In external validation against DPPOS data, RECODe predicted microvascular outcomes with C-statistics varying from 0.57 (for retinopathy) to 0.69 (for neuropathy; table 5). Once again, calibration was high (all passed GND tests, table 5, figure 1). In external validation against Look AHEAD data, RECODe predicted cardiovascular outcomes with C-statistics ranging from 0.67 (for stroke) to 0.79 (for cardiovascular mortality; table 5), with calibration outcomes passing GND tests for myocardial infarction, stroke, and congestive heart failure (table 5, figure 1). The external validation of the all-cause mortality equation had a C-statistic of 0.71 and also passed the GND test (table 5). As with ACCORD participants, DPPOS participants’ microvascular risks and Look AHEAD participants’ cardiovascular risks varied quite widely (figure 1).

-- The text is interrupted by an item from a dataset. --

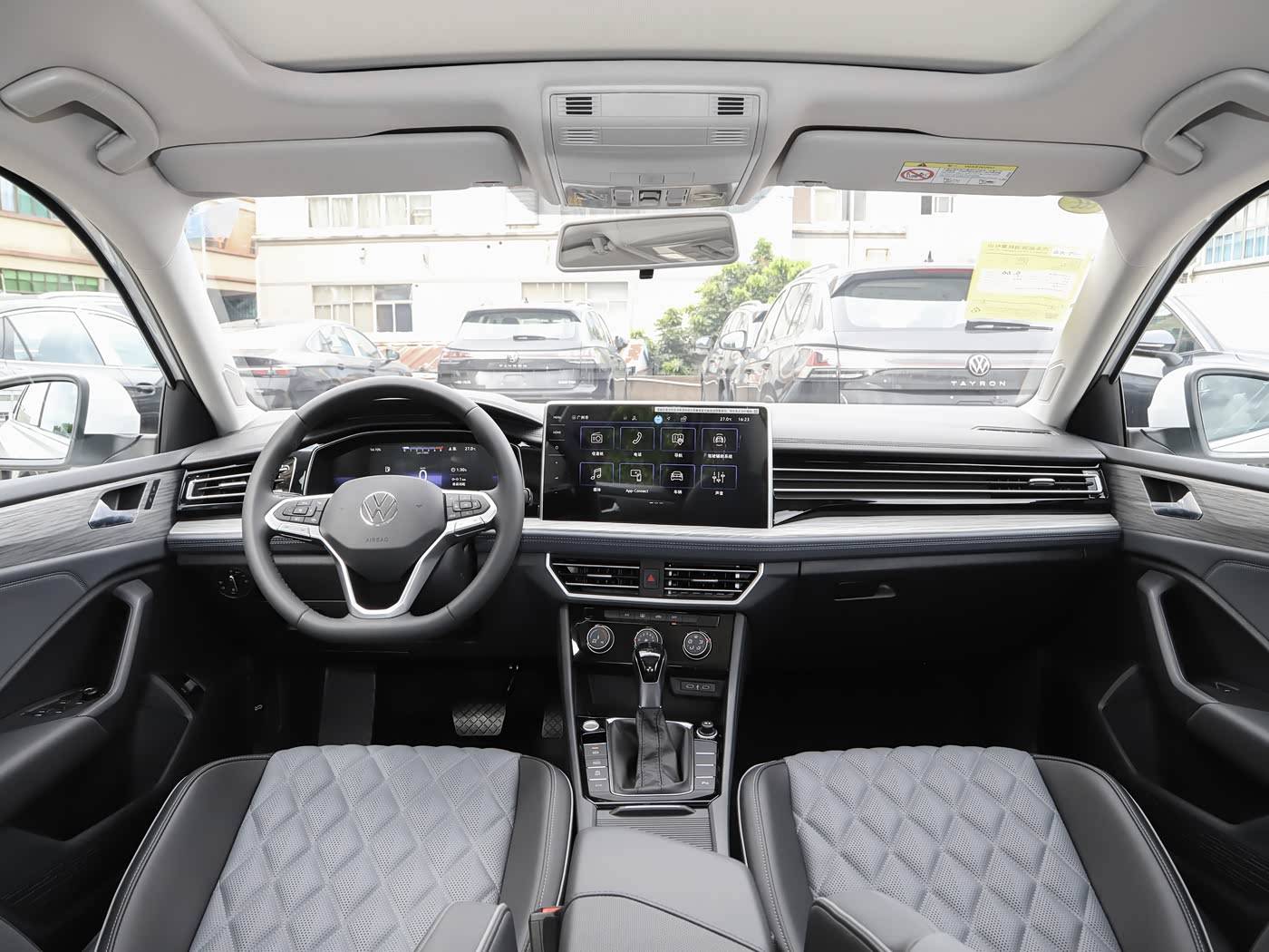 进入车内,中配速腾的内饰主打实用与舒适。中控台布局规整,大面积软性材质包裹搭配细节处的镀铬饰条,提升了车内质感。10.3 英寸全液晶仪表盘与 12 英寸中控屏组成的双屏系统,显示清晰且操作流畅,支持 CarPlay 和 CarLife 手机互联功能,日常导航、听歌等操作便捷顺手。三辐式多功能方向盘握感舒适,集成了音量调节、定速巡航等常用按键,方便驾驶者盲操。座椅采用皮质材质包裹,主驾支持 6 向手动调节,靠背和坐垫的填充软硬适中,即使长途驾驶也能保持较好的舒适性。后排腿部空间宽敞,满载三人也不会显得局促,地台中央凸起较低,进一步提升了中间乘客的乘坐体验。

Compared with the new equations, the UKPDS OM2 equations had similar or slightly worse discrimination for both microvascular and cardiovascular outcomes (C-statistics ranging from 0.54 to 0.67; table 5, figure 1). However, the UKPDS OM2 had much poorer calibration across all outcomes (slopes ranging from 0.06 to 1.12, intercepts from −0.038 to 0.043, failing GND tests; table 5). The ACC/AHA PCEs also had worse discrimination for atherosclerotic cardiovascular disease risk than RECODe (C-statistics of 0.60 in ACCORD and 0.66 in Look AHEAD), and much worse calibration due to overestimating event rates (slopes of 0.28 in ACCORD and 0.39 in Look AHEAD, respectively; table 5).

We found a positive NRI for RECODe compared with either of the older sets of equations for every outcome (figure 2; appendix). The positive NRI results were particularly driven by the fact that older equations tended to overestimate risk of people who were actually low risk, whereas RECODe correctly identified people at low risk.

Figure 2. Outcome classification by RECODe versus UKPDS OM2.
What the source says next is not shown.